All available time-stamped photos were extracted and pre-processed using python scripts. We analyzed only the images that were in jpg format, representing output from a digital camera. We excluded all files ending in gif or png format, which are typically used for cartoons and animations. We analyzed ten features related to hue, nine features related to saturation and value, two measures related to sharpness, one for contrast, as well as the number of pixels, width, height, and brightness. Additionally, we extracted the five most used colors using the python package Colorgram. In total there were 40 features extracted per image. For features related to Hue (H), Saturation (S), and value (V), and for each pixel in the image, the red, blue, and green (RGB) representation of color model⁷⁶ was transformed to HSV representation which aligns with how humans perceive color⁷⁶. Nine statistical descriptors including quantiles 5, 25, 50, 75, 95, mean, variance, skewness, and kurtosis were computed for each of these distributions (HSV). We then aggregated the feature values per participant per trimester at different starting time periods (3, 6, 9, 12, and 18 months) before the first hospitalization date for patients. For all features (except hue), we aggregated using the mean of the values. Since hue is measured in degrees (angles), we used the mean of circular quantities.

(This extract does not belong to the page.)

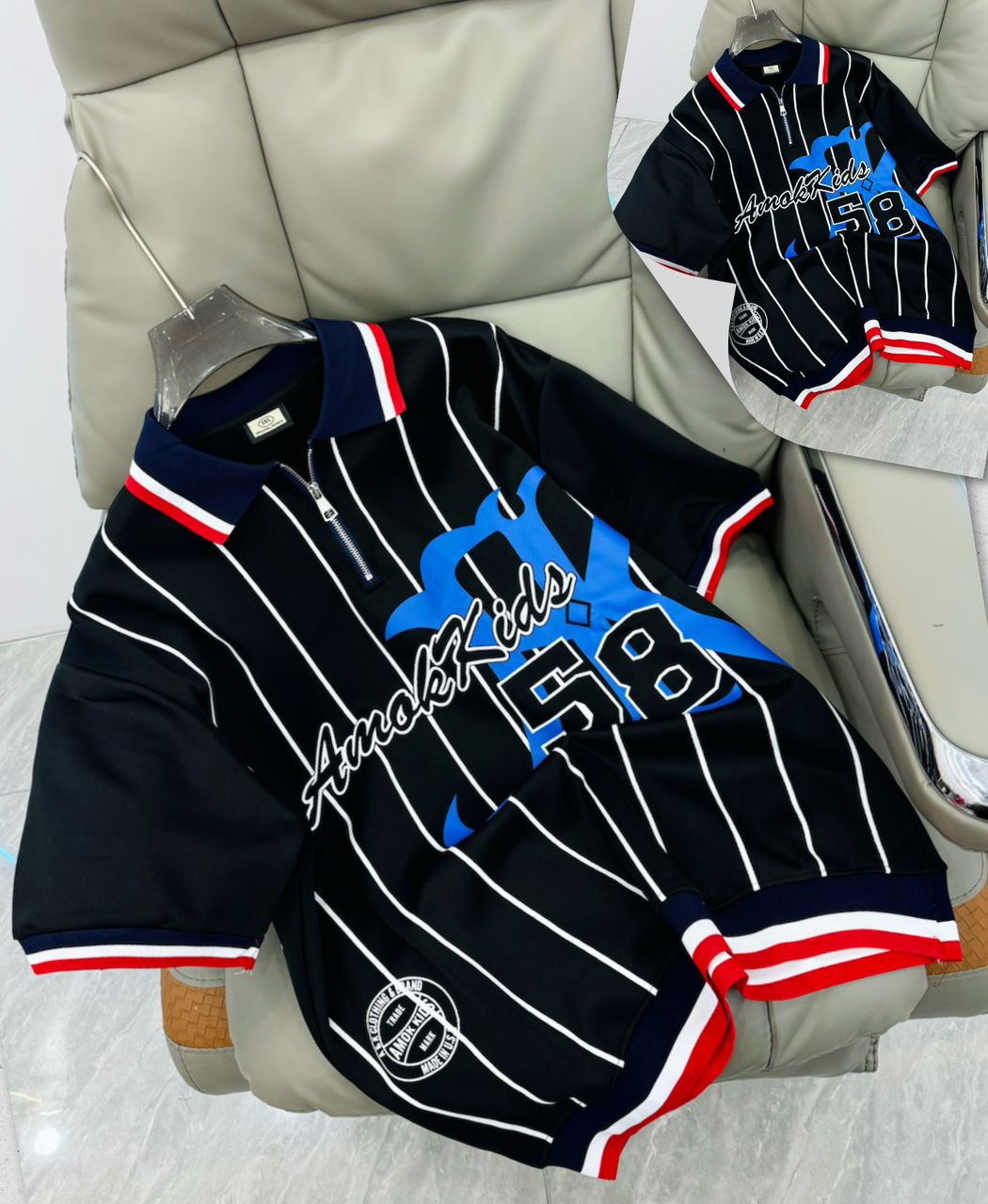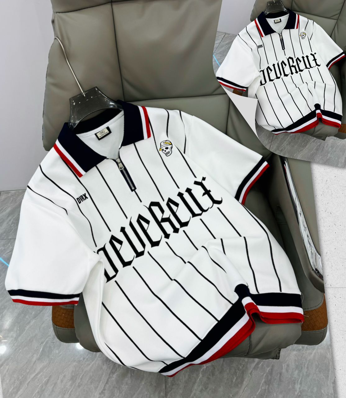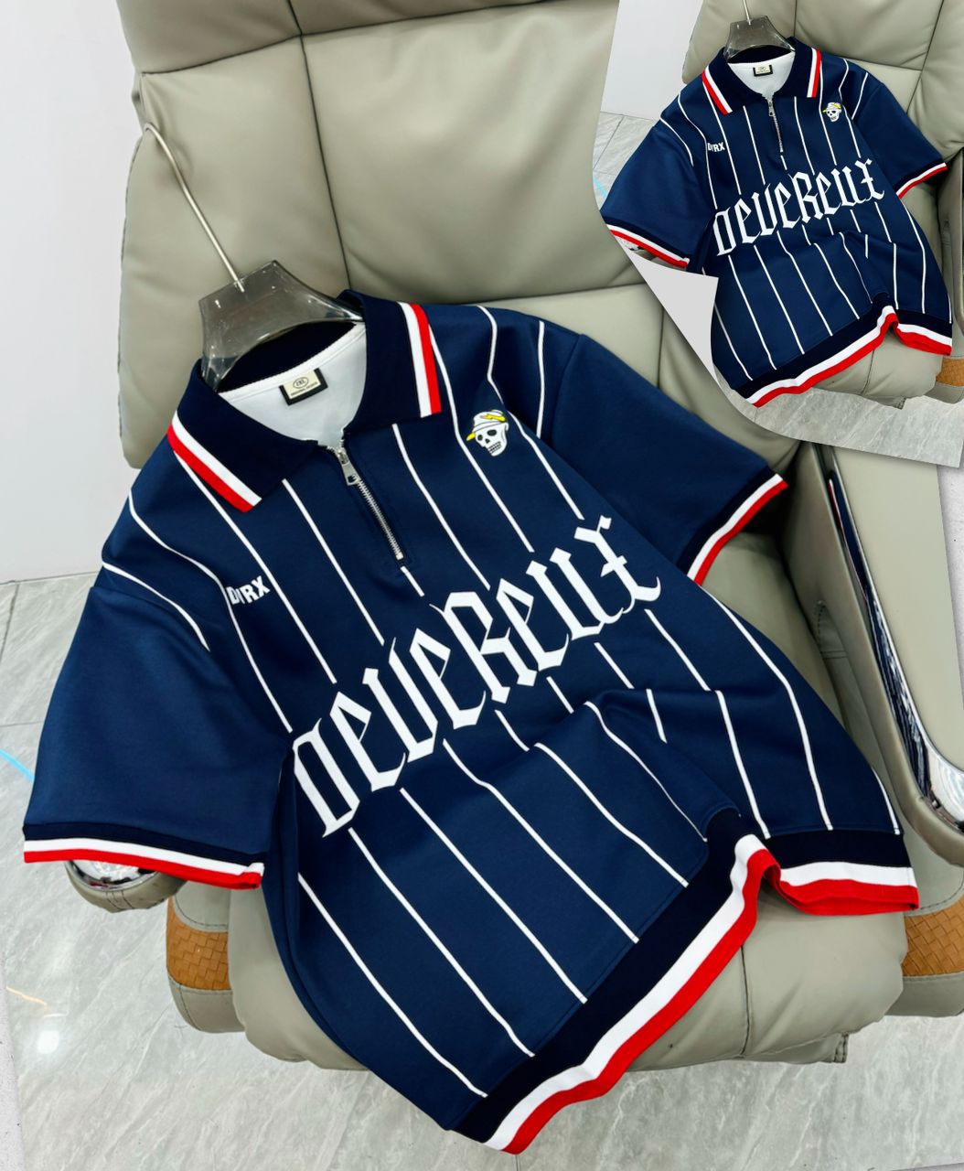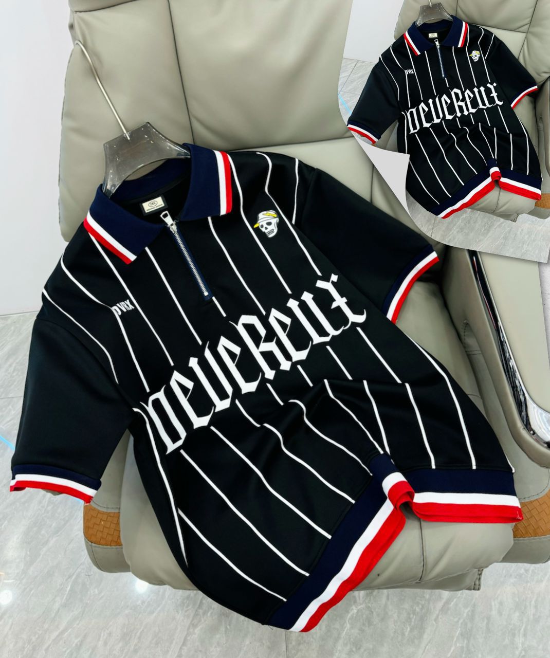 Make a bold statement with this premium red pinstripe zip polo shirt, crafted for confidence and standout style. The vibrant red base is enhanced with sleek black vertical stripes, giving it a sharp, modern silhouette.

Importantly, Facebook archives include data from secondary individuals who did not directly consent to participate in research, such as messages received by fellow Facebook users, as well as photos, which may contain individuals other than those consenting to research participation. We therefore explicitly disregarded messages from individuals other than those consenting to research participation using an automated process. Additionally, given that pictures posted could include identifiable information and/or secondary individuals, we only extracted abstract features such as contrast, color, and image size. The raw data were contained in a firewalled server and were never shared outside of Northwell. The processing of high-level features was implemented locally, and only those features were used for further analysis outside of the raw data server. The high-level features were always contained in HIPPA compliant servers.

Statistical analysis

We computed the Kolmogorov–Smirnov (KS) test⁷⁷, for each pair of conditions (HV vs. MD, HV vs. SSD, and MD vs. SSD) and for each of the computed features (described above). For multiple test correction, we performed FDR correction, using the Benjamini–Hochberg procedure⁷⁸.

Classification

We applied Random Forest (RF), a general-purpose classifier. Features were standardized (mean = 0 and standard deviation = 1) before being input to the classifier. We used fivefold cross-validation, leaving participants out in the test folds, which were stratified. The performance was reported as an AUC, which measures how the true positive rate (recall) and the false-positive rate trade-off. We report AUC rates that were calculated over 50 instantiations of the fivefold partition and we provide means and standard deviations. Our first objective was to evaluate whether we could distinguish between SSD, MD, and HV based on Facebook data alone. To do so, we performed a pairwise classification using the aggregated data for 18 months in the traditional cross-validation scheme. For this prediction task, each participant was represented by a single-feature vector, which indicated their state as an average overall their data across the six trimesters, which limited bias related to the frequency of posting. Our second objective was to assess if signals identified in the first trimester (when psychiatric symptoms are typically the most prominent, resulting in hospitalization) are also present in the trimesters farther away from hospitalization. We, therefore, performed classifications where the model was trained with data from the first trimester only and tested using data from the other trimesters, maintaining out the data used in the training.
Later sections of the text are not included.